It is common ground that on 2 March 1982 the application for the private right of way was heard in the absence of those interested parties, save the Grantee and his counsel, and the Collector, named Mr. Hamzah Ali ("the said Collector"), without much ado, granted an order for such private right of way.
From the Land Office file in question, it appears that the said Collector’s superior officer has directed the said Collector to re-open the enquiry and hear the said application de novo, apparently on account of the order being made in the absence of the interested parties. The application, after an adjournment on 8 November 1982, was fixed for 11 December 1982 when it was heard for the second time, in the presence at least of all counsel for the appellants who were heard. There was some dispute at the hearing earlier as to when the decision of the said Collector was actually delivered, or even made, but nothing really very much turns on this as it is common ground that an order was in fact made granting the private right of way complained of.

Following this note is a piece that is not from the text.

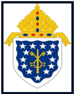
Saint Thomas Diocese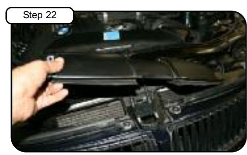
Lift and pull out cover.

The arguments of learned counsel for the appellants before the said Collector were surprisingly brief as apparent from the record of such proceedings. They made similar submissions there to the effect that the Grantee should have applied for a private right of way over the police land before the police built their concrete wall or partitioning wall on both sides of the police land as the Grantee was then having an access to the sea through the police land. Any private right of way granted over Lot 293 would interfere with the peace and quiet of the Lot 293, and that there was doubt if the police land had been gazetted as a security area Learned counsel for the Grantee argued before the said Collector that she had protested at the construction of their wall by the police but she could not stop them. Every citizen had a right to the seashore and her client could not use Lot 293 then because it was already fenced up.
The said Collector then made the order complained of, stating that he had inspected Lot 293 and the police land and had found the wall built by the police, possibly from the point of view of security (reasons) and that it was more logical and appropriate that the private right of way be granted, hence this appeal.
It appears that before me, all the learned counsel for the appellants had some sort of division of labour among themselves in making their submissions so that each would argue on two or three different points, and I regard this as commendable practice as it has saved time in avoiding a great deal of repetitions. Such being the case, I would refer to arguments of counsel without specifying as from whom any particular argument has emanated.
The first contention raised for the appellants was that Lot 293, being town land, no private right of way could have been created over it by the said Collector, as this would be contrary to s 389(3) of the National Land Code ("the Code"). In its unamended form, as it stood at all relevant times in regard to the application for the private right of way, the said sub-s (3) spoke of alienated “country” land only over which such private right of way could be created. This effect of the said sub-s (3) was readily agreed on all hands but for the appellants, it was of course argued that Lot 293 was town land while for the respondents it was argued that it was country land.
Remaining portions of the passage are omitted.